→ RECORDS TO PROCESS
—————

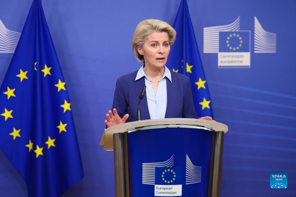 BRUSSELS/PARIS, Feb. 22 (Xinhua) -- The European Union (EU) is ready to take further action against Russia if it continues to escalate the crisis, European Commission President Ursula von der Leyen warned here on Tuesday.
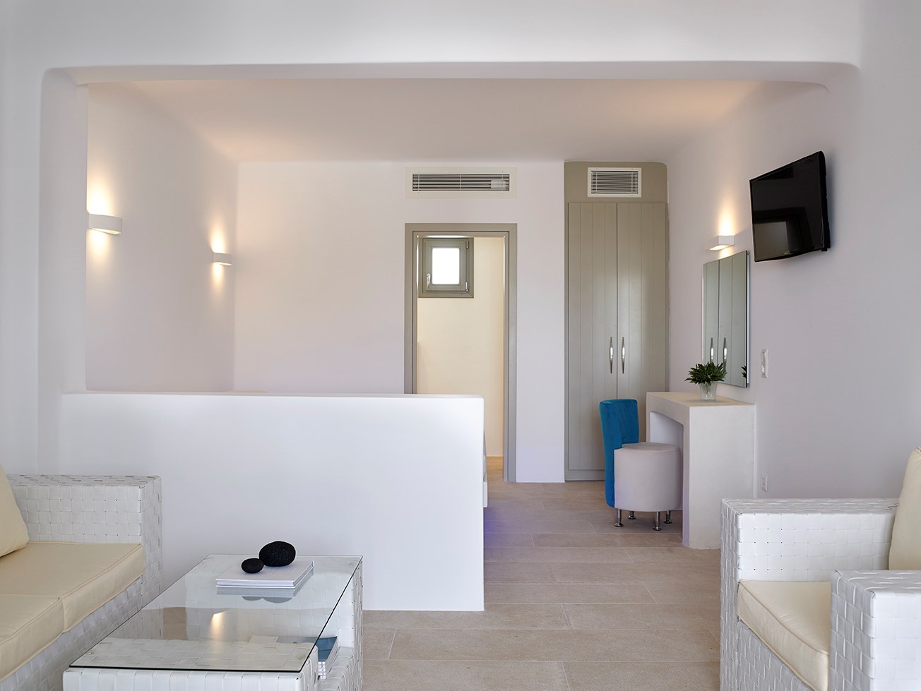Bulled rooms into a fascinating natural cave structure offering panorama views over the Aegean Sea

—————

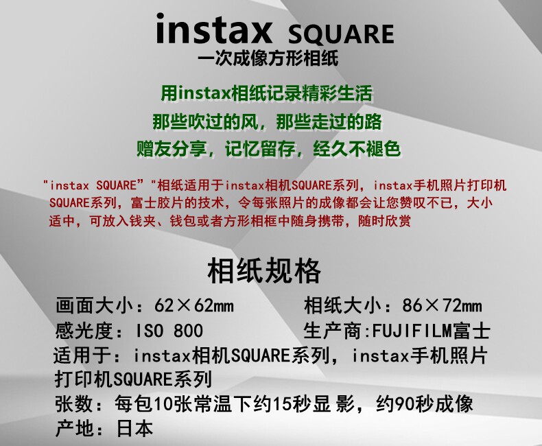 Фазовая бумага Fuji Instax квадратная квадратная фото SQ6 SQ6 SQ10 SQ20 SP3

—————

→ PROBLEM STATEMENT
Look above for the line with "BRUSSELS/PARIS, Feb. 22" and the line with "Bulled rooms into", then copy them and all lines in between exactly as written, and only those, without any pictures.

→ COMPLETED EXERCISE
 BRUSSELS/PARIS, Feb. 22 (Xinhua) -- The European Union (EU) is ready to take further action against Russia if it continues to escalate the crisis, European Commission President Ursula von der Leyen warned here on Tuesday.
Bulled rooms into a fascinating natural cave structure offering panorama views over the Aegean Sea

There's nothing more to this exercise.